### EXERCISE
If a picture appears, leave it out, and reproduce exactly the lines from the start of the listing below through the one bearing "La Dame et la".

Start of RECORDS

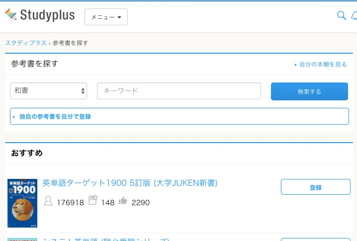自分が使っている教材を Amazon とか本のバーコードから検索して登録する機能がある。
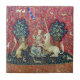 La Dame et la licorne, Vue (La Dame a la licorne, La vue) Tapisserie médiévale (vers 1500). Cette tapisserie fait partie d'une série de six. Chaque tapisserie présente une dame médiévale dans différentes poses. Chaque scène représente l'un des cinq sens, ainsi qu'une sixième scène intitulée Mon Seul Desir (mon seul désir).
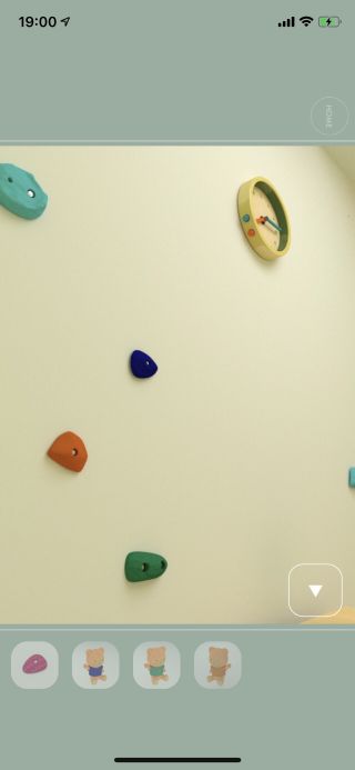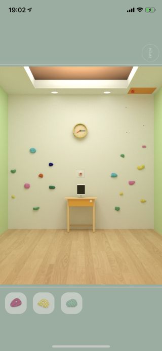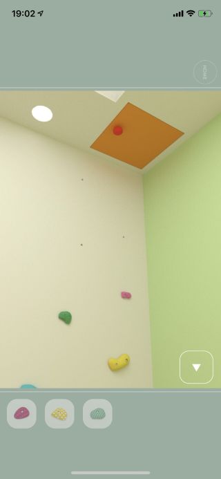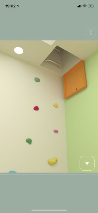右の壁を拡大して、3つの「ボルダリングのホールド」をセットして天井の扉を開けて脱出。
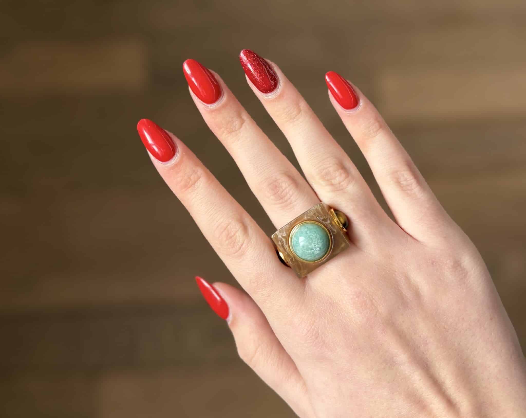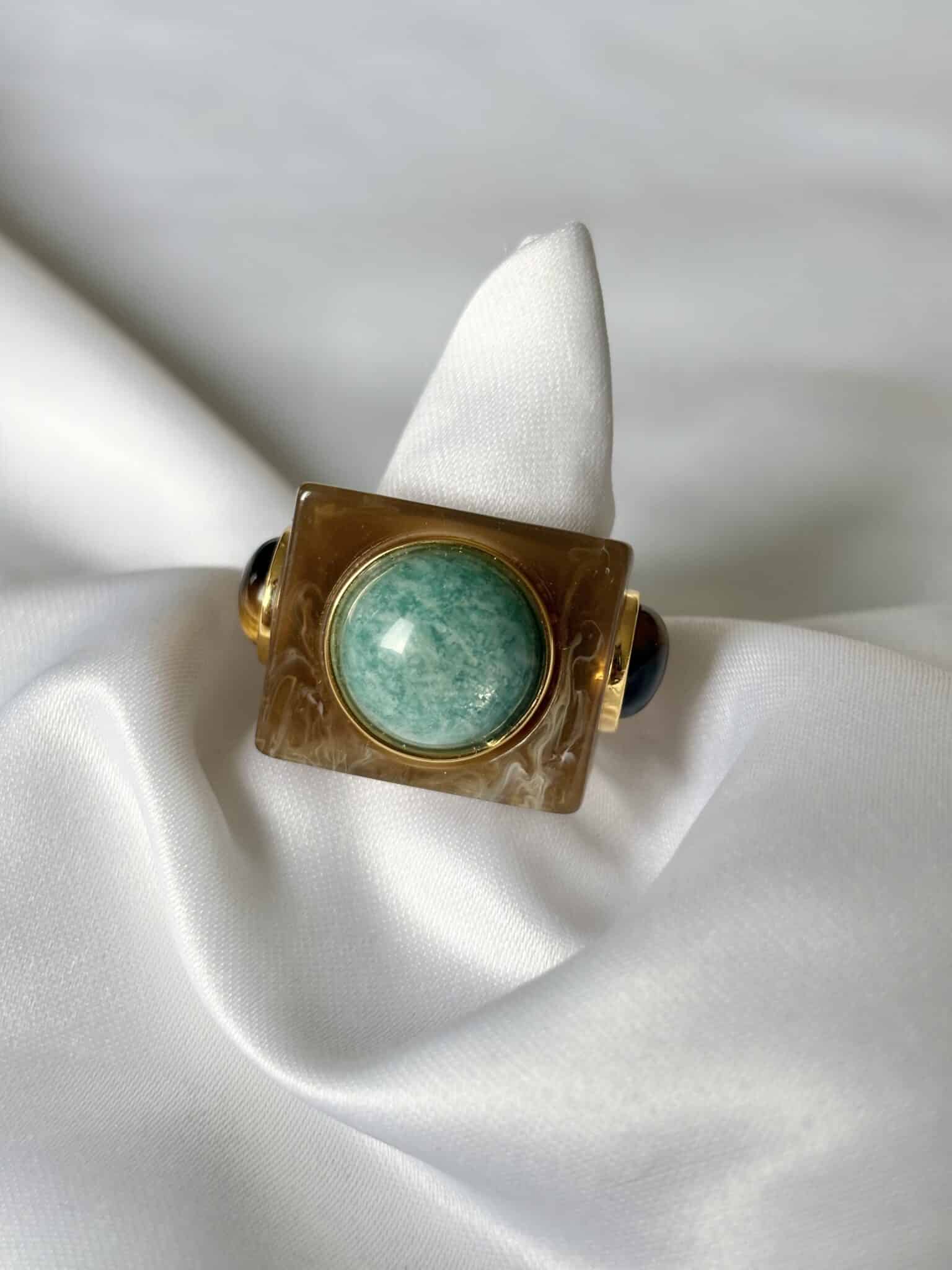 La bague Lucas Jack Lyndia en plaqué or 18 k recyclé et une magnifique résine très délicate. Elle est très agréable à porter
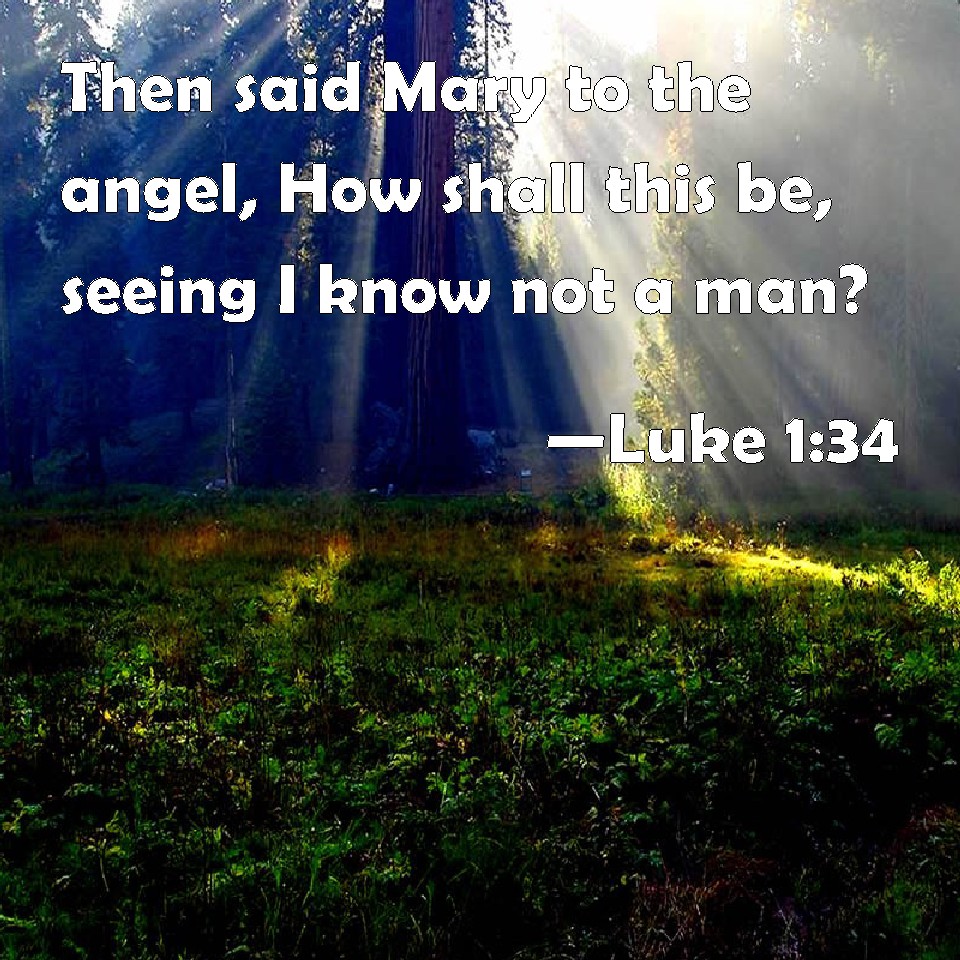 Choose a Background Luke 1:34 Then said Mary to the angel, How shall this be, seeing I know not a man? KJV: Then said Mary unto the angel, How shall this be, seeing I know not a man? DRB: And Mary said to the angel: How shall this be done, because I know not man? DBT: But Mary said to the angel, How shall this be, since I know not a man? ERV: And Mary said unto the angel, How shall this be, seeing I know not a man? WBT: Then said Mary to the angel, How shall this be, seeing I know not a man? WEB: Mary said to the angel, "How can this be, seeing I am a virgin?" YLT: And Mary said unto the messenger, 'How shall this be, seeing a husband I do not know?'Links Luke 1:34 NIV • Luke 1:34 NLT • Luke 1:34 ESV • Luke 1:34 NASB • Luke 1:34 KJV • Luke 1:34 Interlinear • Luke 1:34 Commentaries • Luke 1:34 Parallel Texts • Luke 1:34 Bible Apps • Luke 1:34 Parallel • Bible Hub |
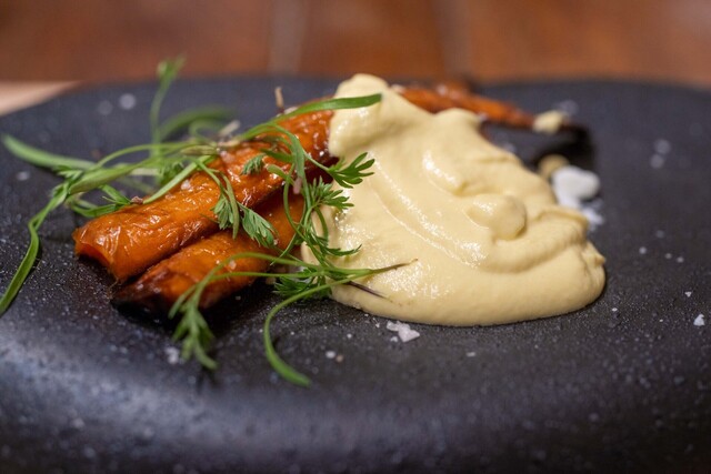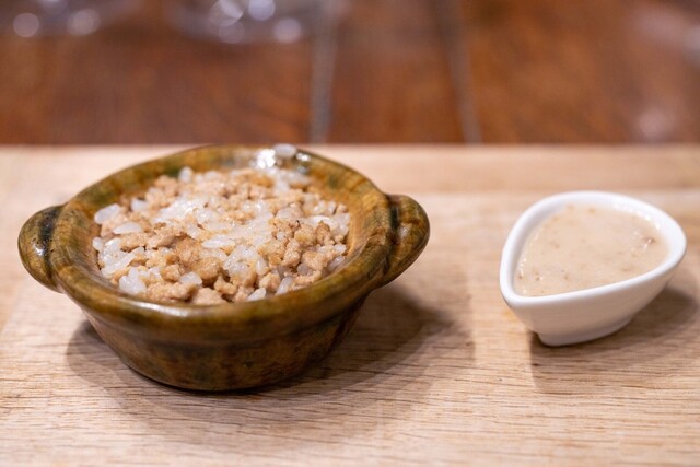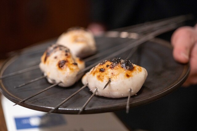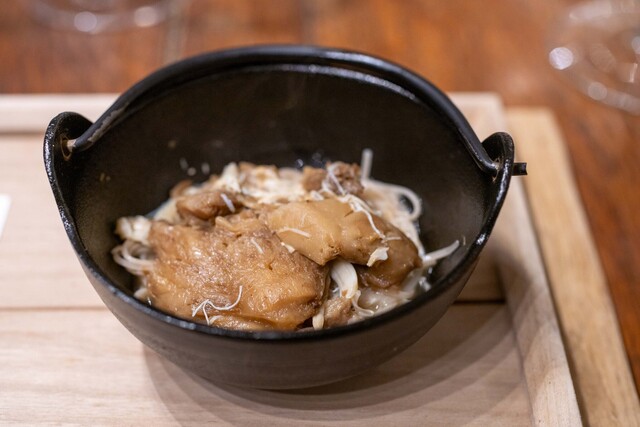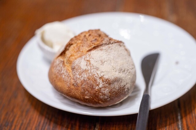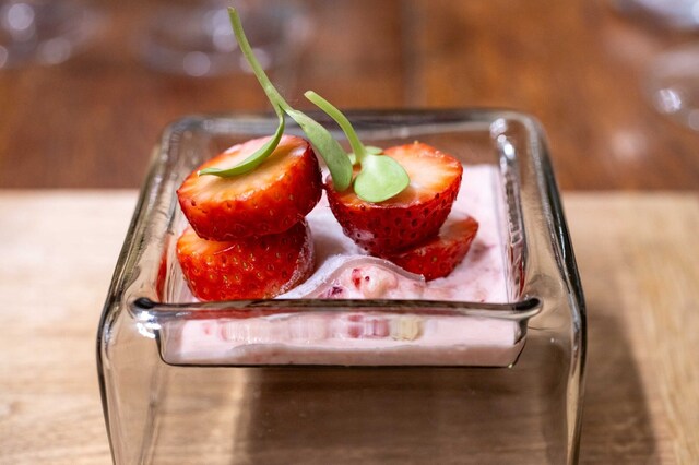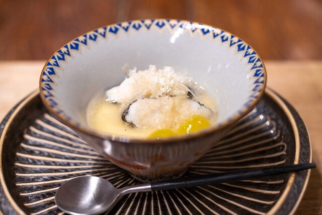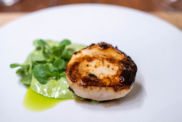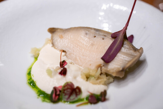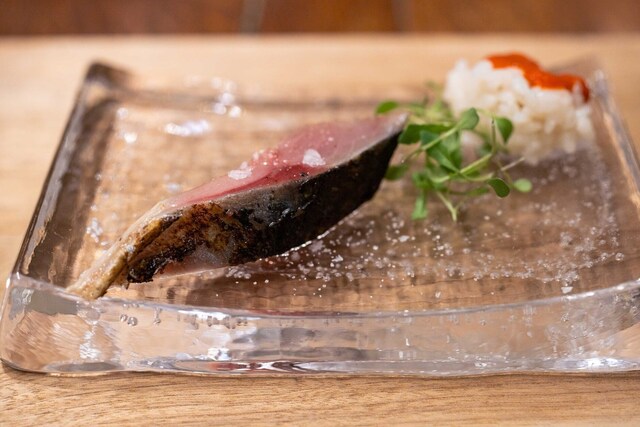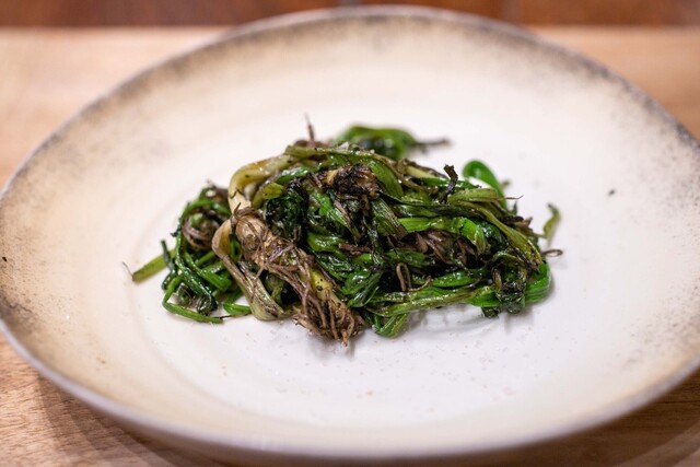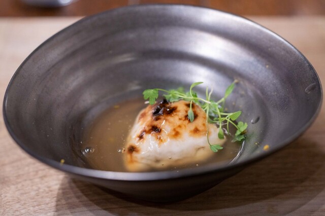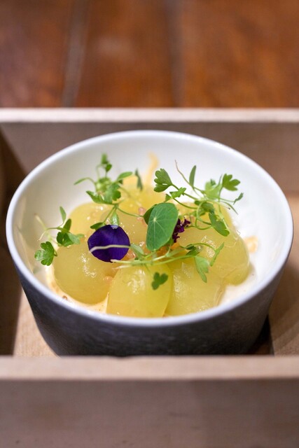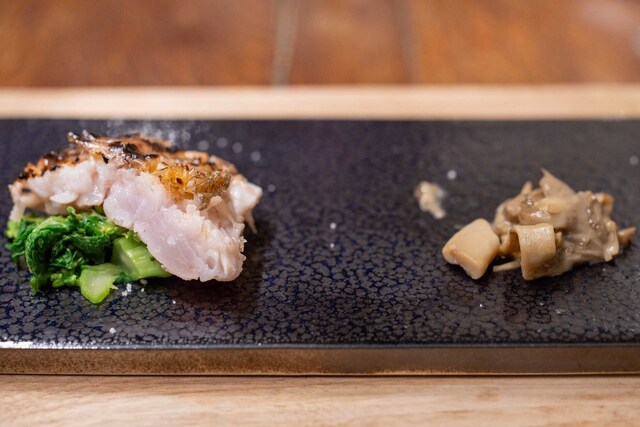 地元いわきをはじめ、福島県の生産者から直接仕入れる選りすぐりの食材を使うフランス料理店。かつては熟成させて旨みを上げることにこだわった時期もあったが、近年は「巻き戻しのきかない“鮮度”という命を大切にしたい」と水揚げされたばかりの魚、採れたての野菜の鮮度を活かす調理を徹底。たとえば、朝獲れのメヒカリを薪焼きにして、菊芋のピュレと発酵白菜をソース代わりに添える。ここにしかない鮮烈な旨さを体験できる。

End of RECORDS

### RESPONSE TO THE EXERCISE
自分が使っている教材を Amazon とか本のバーコードから検索して登録する機能がある。
 La Dame et la licorne, Vue (La Dame a la licorne, La vue) Tapisserie médiévale (vers 1500). Cette tapisserie fait partie d'une série de six. Chaque tapisserie présente une dame médiévale dans différentes poses. Chaque scène représente l'un des cinq sens, ainsi qu'une sixième scène intitulée Mon Seul Desir (mon seul désir).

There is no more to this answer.